Underneath those two personality sticks is YOU . . . my 2-year-old who uses them as her “get out of jail free” pass when you’re busted committing your daily mischief.
You know when used together with your ear-to-shoulder-head-tilt, and your big cheesy grin, you’re likely to mesmerize me with your cuteness to make me forget about what rule you have just broken.
Whether it’s drawing all over a basement door, secretly tripping your brother, or showing up at my feet after using your markers as pretend makeup . . . it’s hard to get mad at those pigtails.
And you know it.
Because you are the baby of the family.
The one we are (99 percent) sure is the round-out of our little family.
The one we all sit around and watch . . . simply to be entertained at your level of goofiness. The one who thinks you’re older than you are because your older two siblings teach you everything they know. The one who screams as loud as you can at the dinner table until you fold over in belly laughter . . . while your dad and I try to hide our own and hope the other one can be serious enough to ask you to stop.
You are so strong in personality and firm in independence that I almost feel like I shouldn’t table it . . . knowing it will serve you well later in life. But in the same breath I worry if I don’t reel you in, you’ll be a rebel for life.
Then, as if you can see that battle in my brain, you will start offering random hugs, blowing kisses, saying I love you, belly laughing with pure joy, breaking out into an adorable song, or reciting your favorite prayer.
And suddenly those bouncing pigtails and innocent voice make me forget what I was supposed to be mad at you for in the first place.
Yes. You get away with a lot.
But you’re the baby. The last baby.
The last one to want to be rocked. The last one to sleep in the crib. The last one to lay in my arms and drink milk from a sippy cup. The last one to wear footie pajamas. The last one to have your first day of preschool.
The one who makes me grasp the perspective that all of this mischief will be a funny memory one day. A one day I know isn’t far away thanks to a generation above me who has warned JUST HOW FAST it will go.
How quickly those tiny pigtails of yours will become a long ponytail swinging out there on the basketball court. How before I know it I’ll be curling it for you as you get ready for your first homecoming dance. Then I’ll blink, and I’ll see it beautifully styled underneath the veil your dad will lift at the end of the aisle . . . before it turns into a “haven’t-showered-in-four-days” bun on top of your head . . . as you put those tiny pigtails on YOUR baby.
Or maybe not.
Because I don’t know what’s to come for you.

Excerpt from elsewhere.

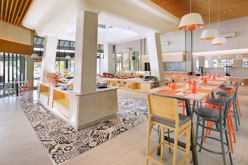 空港近くにあるオレンジの看板がポップなイメージの3スターホテル。近年、このクラスの3スターホテルが
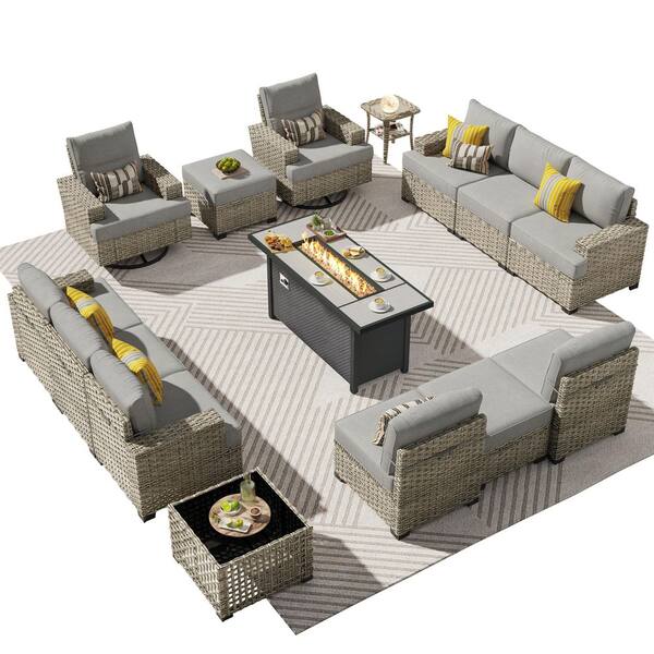 Eden Vine 15 Pieces Wicker Rectangular Fire Pit Sets and Swivel Rocking Chairs with Dark Grey Cushion

I don’t know what choices you’ll make or what dreams you’ll have for yourself or what experiences will come your way.
Which is why all my heart can bear to focus on is the now.
And right now your innocence melts my heart as quickly as your determination to test my patience wears it down.
And it’s worth all of it.
I know you and those pigtails will go on to be something wonderful to the world one day . . . the way you bring something wonderful to our family. And I just want to be present in every moment on your journey to getting there . . . while secretly hoping “there” doesn’t get here too fast.